In all my years I can’t remember the amount of times I’ve put something I really liked to, or wanted to do, aside for something else. A lot of times simply because I thought I wasn’t good enough or deserved them. Often enough those things were more important, but it all comes back to putting myself aside for others, and other things – something I got from my mom.
Setting aside my desires, wants, and even needs, hasn’t done me or dealing with my low self-esteem issues much good. For so long I’ve felt not worthy or important enough to get the things I wanted or feel happy when there were other things demanding my attention as well.
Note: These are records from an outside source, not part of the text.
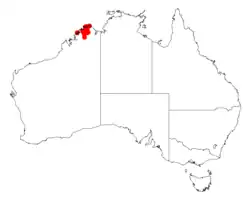 This species of wattle is native to an area of the Kimberley region of Western Australia, its range extending from around Cape Londonderry in the north down to around the Carson Escarpment, in the south in the Northern Kimberley bioregion of Western Australia. It usually grows in lateritic based or sandstone based soils in open woodland communities.[4][5]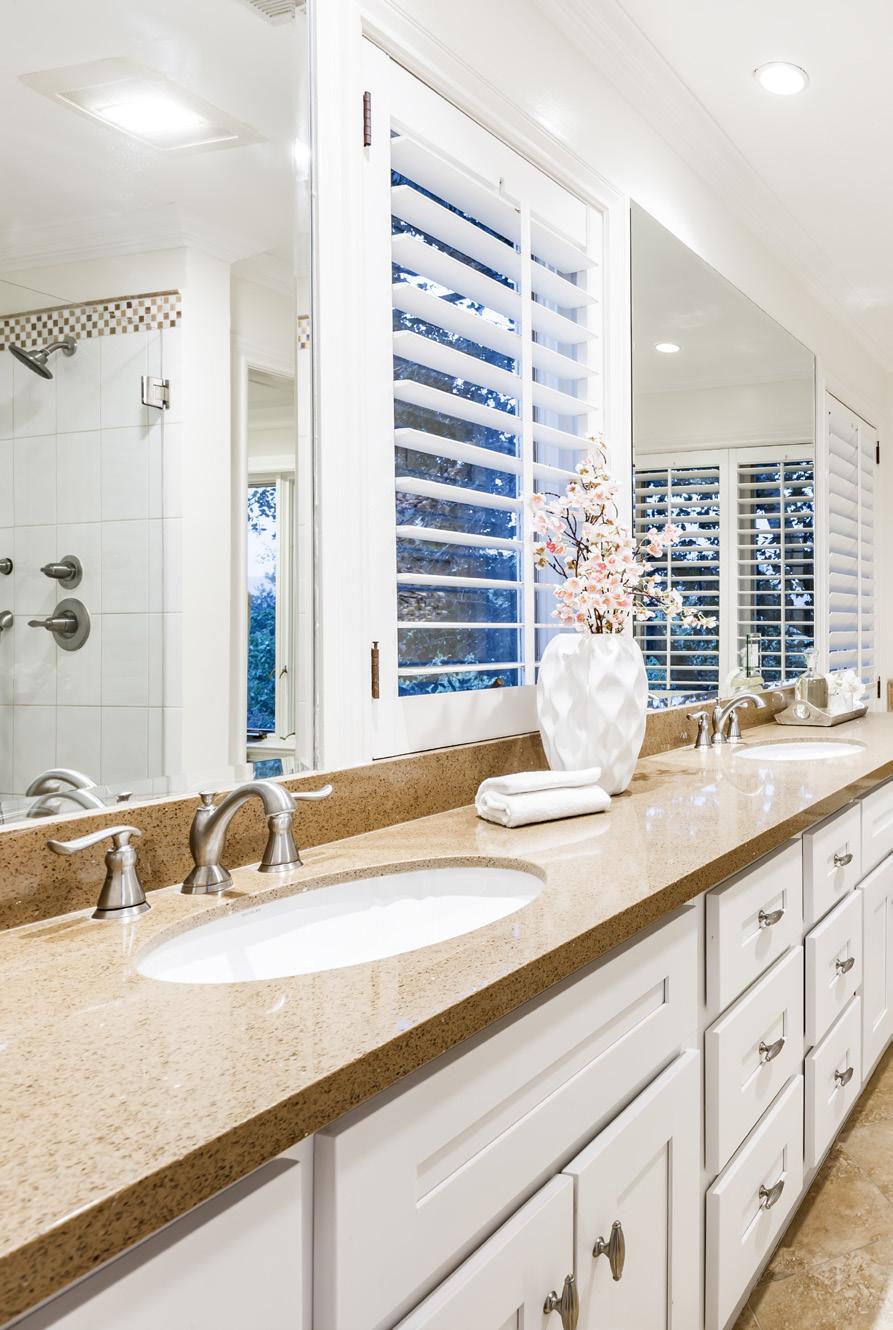 • Two bedrooms upstairs with shared access to bathroom featuring dual vanities, jetted tub, and shower
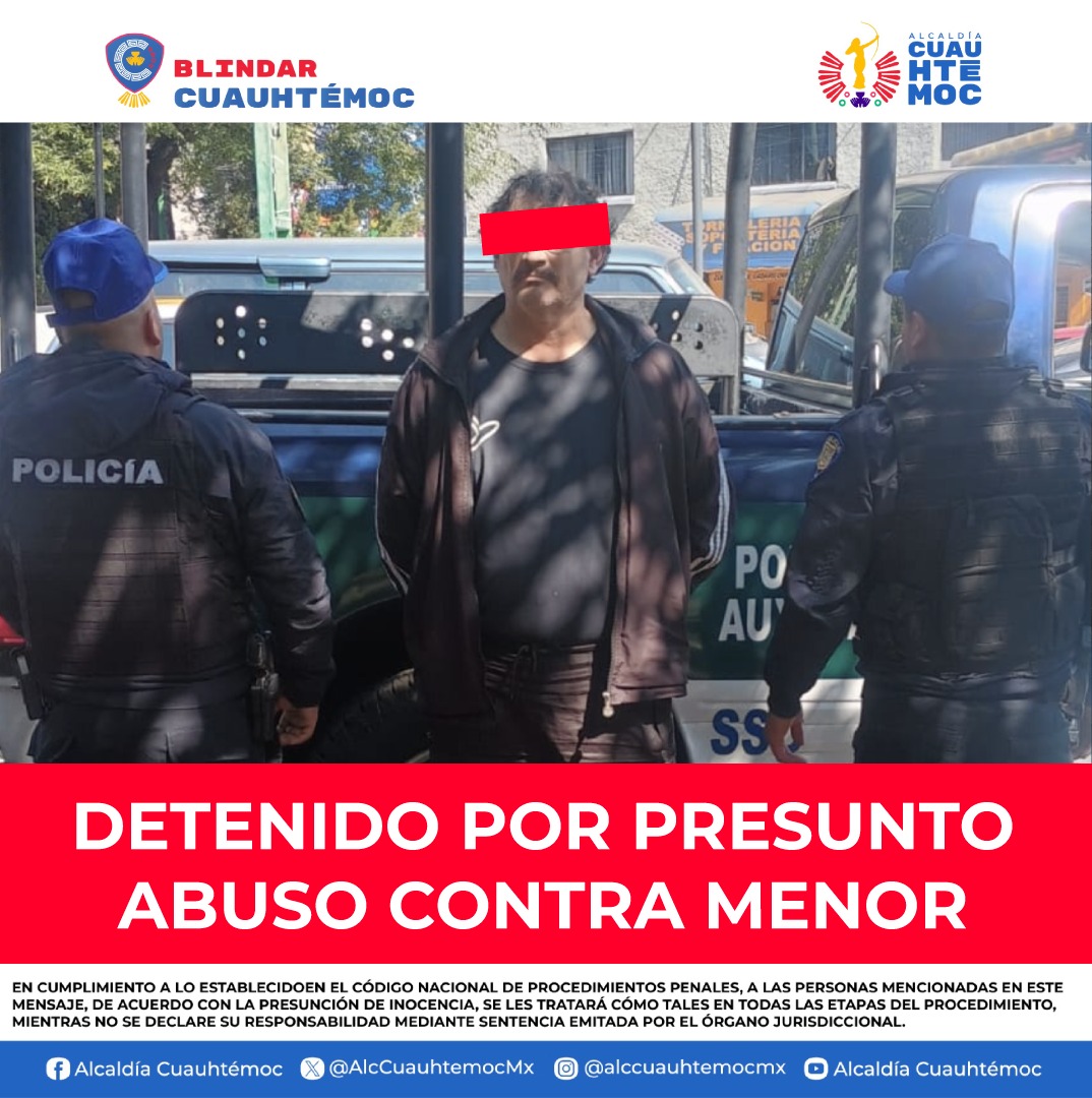 Elementos de la Policía Auxiliar (PA) de la Alcaldía Cuauhtémoc detuvieron a un hombre señalado por realizar tocamientos indebidos a una menor de edad en la colonia Obrera. La detención se llevó a cabo tras una denuncia ciudadana en Eje Central Lázaro Cárdenas y Juan A. Mateos.

Luckily, in the last few years I have learned a lot about my mental illnesses, how they can warp my thoughts and how to recognize the negativity to hopefully make the impact less. There is still a long way to go, but I’ve gotten to a point where I’m much more able to stand up for myself and what I need, and sometimes want, to function in the world.
Now I’m here picking up several things that have been put on the back burner for too long, and focusing on being healthy both physically and mentally. I’ve finally realized that I do matter, and deserve to be happy. I also took my own advice I’ve given plenty of times to others: you need to take care of yourself before you are able to take care of others.
This is my New Year, and my resolutions are to take time for my passions, put in some extra effort to be healthy, work on being happy, and most of all learn to love myself more and more because I matter.
After a string of frustrating months dealing with a bad situation at home, and the last few horrible weeks losing a lot of people I thought were friends, I am trying again. This is for me.
Today not only marks my birthday, but a new chapter in my life, filled with happiness, new adventures, feeling better in my skin, and writing my first book.
Hopefully I’ll see you around on my journey to share in my joy, or get something out of the sad and bad moments.